10 September 2013

she's a runner!

See anything different?
green 1940 ford deluxe coupe

On Friday I had scraped up enough cash to pick up the driveshaft.
A local shop had shortened the Lincoln one and installed new u-joints.
The rear needed special 1-1/8" adapter caps to fit the 8" rear end.

Luckily the new shaft slid right in place.
It better as I measured it at least 6 times.
You'd think after all this I'd be able to start it up and go.

It took the last part of Saturday to button up a bunch of stuff -
swap new tie rods, tighten nuts, loctite and cotter pins...
shock installation trick

Here's a tip to install shocks.
Instead of muscling it in,
a piece of rope with a slip knot is way easier.
1940 ford coupe - street rod

My patience had ran out and it was time to get it moving.
Did I tell you about the tranny fluid?
It took 4 quarts to finally get the AOD to the proper level,
which equalled 3 trips to the car parts store.
Thanks to Jaxon for riding his bike and getting the right stuff!
Finally there was enough pressure to get it rolling.
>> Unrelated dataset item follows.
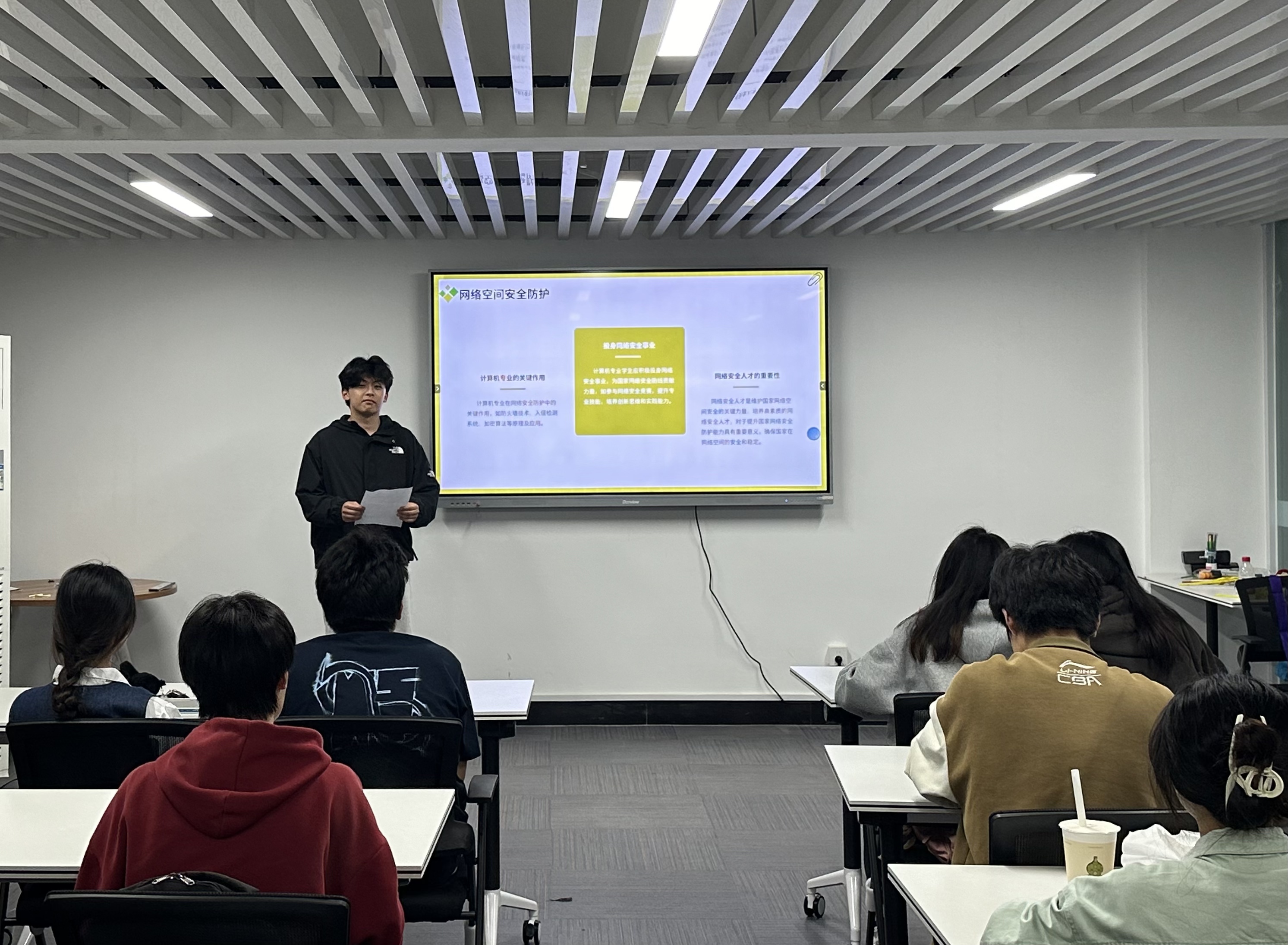 宣讲会上,研习社成员们以“总体国家安全观”为主题展开宣讲。通过深入剖析相关概念,挖掘总体国家安全观在新时代的重要内涵与实践价值。研习社成员们分享网络空间安全防护要点、讲解总体国家安全观架构、解读国家安全“四梁八柱”体系,带领现场听众们深入感受各领域安全保障对国家稳定发展的关键意义。

A year and five months later,
the coupe could move under it's own power.
Jaxon and I drove around the block a couple times,
no drips or explosions,
and most importantly we didn't run out of gas,
or get stuck down the street.
It was funny a couple different neighbors saw us driving,
and did a double take and cheered.
That first drive is always exciting even just putting about.

There were so many changes - steering, axle sectioning, rear end,
brakes, engine/AOD tranny that it'll take some time to gain confidence.
The past couple evenings have been fun venturing around the neighborhood,
basically tightening up any rattles.
I really need to get a shifter rigged up,
as it's not too convenient reaching down every time,
especially for 3-point turns.
A tranny hump would be nice too,
as the radiator heat warms up the cab pretty quick.

For now the automatic transmission shifts fine,
a little slow off the line with the low rear end gears but not too bad.
There's a bit of vibration flowing to the frame from the engine and transmission,
mainly cause I used small rubber pucks not the fat Lincoln mounts.
The steering is super smooth thanks to the new steering box and smaller radial tires,
and the disc brakes are way better even with the non-powered master cylinder.

Looks like I'll be out of town for a couple days,
but it's good to know that for now it doesn't need a major teardown when I get back!